Adobe has given a sneak peek at new tools

At the Adobe Summit marketing conference in London, the company showed off some prototypes of creative and marketing tools its R&D teams are working on.

These included a couple of interesting VR ideas and a re-show of a tool for automatically replacing skies in photos (for example, changing a mid-afternoon sky into night).

Adobe calls these presentations 'Sneaks', and are regulars at the company's Max and Summit conferences. They involve R&D staffers presenting prototypes to a celebrity. Today it was Jonathan Ross (below) – previously we've seen Nick Offerman (at Max 2015), Davina McCall (Summit 2016) and Get Out director Jordan Keele (at Max 2016).
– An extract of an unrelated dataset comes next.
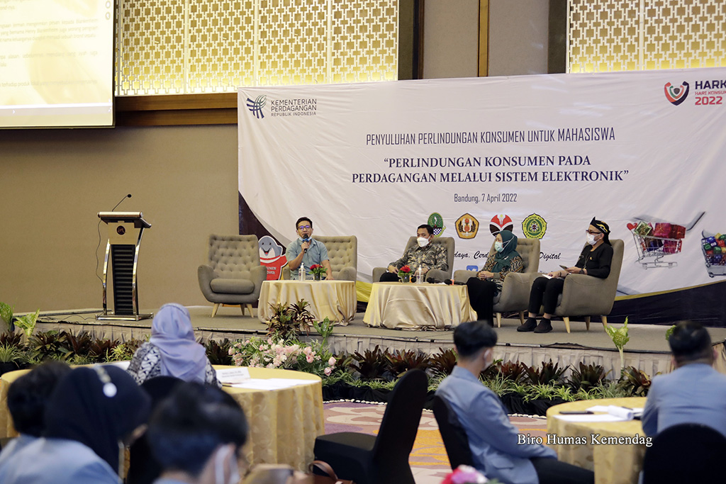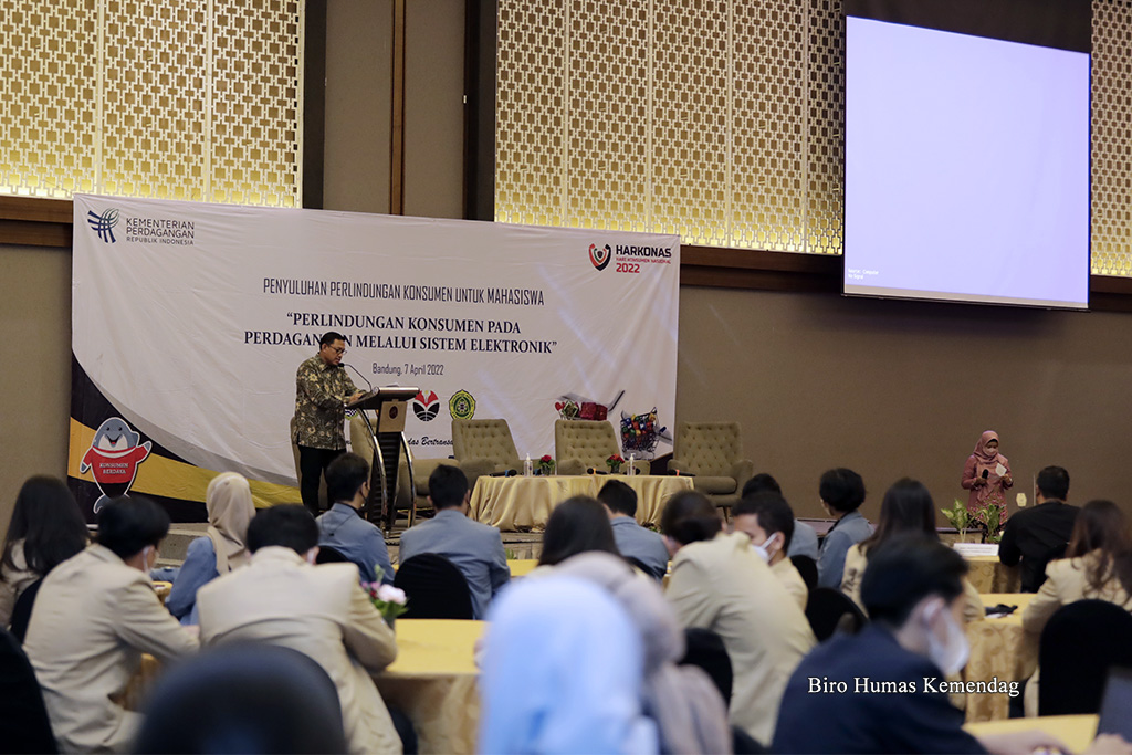 Kementerian Perdagangan menggelar acara Penyuluhan Perlindungan Konsumen untuk Mahasiswa di Kota Bandung, Jawa Barat, Kamis (7 April). Acara yang bertema “Perlindungan Konsumen pada Perdagangan Melalui Sistem Elektronik” ini dibuka oleh Direktur Pemberdayaan Konsumen, Ivan Fithriyanto.

Some of the prototypes shown will make its way into Adobe's Creative Cloud and Marketing Cloud software-and-services platforms – Photoshop's Dehaze tool was initially a Sneaks demo at Adobe Max in 2014 called Defog. Others – like the system to using Beacons to link physical artworks to Behance pages shown at the same time – have not.

It's also a chance for Adobe to present itself as innovative and get some tech up on the main keynote stage alongside talks but leading creatives/marketers and – in the case of Summit – I'm-not-sure-what-they've-got-to-do-with-marketing interviews with well-known personalities (today Frank Lampard and Colin Firth).


This first to two VR-related demos was a prototype for adding dynamic, targeted ads to virtual reality content – which it aims to help content produces make money from VR experiences and games.

Adobe showed a 360-degree video of Piccadilly Circus, then opened it in After Effects. An R&D staffer used tracking and masks to add flat and curved planes overlaying the London location's famous advertising billboards (and the side of a passing van).

These surfaces could be populated with targeted ads using Adobe's Advertising Cloud platform.

From the audience, I couldn't see whether this was using built-in tracking of VR footage – which would be interesting on its own as currently you'd need to use Mettle's SkyBox Studio plugin to allow this. We've reached out to Adobe to find out and will update this story when it responds.


Aimed at marketers, this lets them send smarter offers to with fewer opportunities for disappointment or sending people offers for products and services they've already bought. It's out in early beta soon.


First shown at Adobe Max back in November as Sky Is Not The Limit – where I took the below photos – this tool automates the process of replacing a sky in a photo, grey to sunny or day to night (or vice-versa).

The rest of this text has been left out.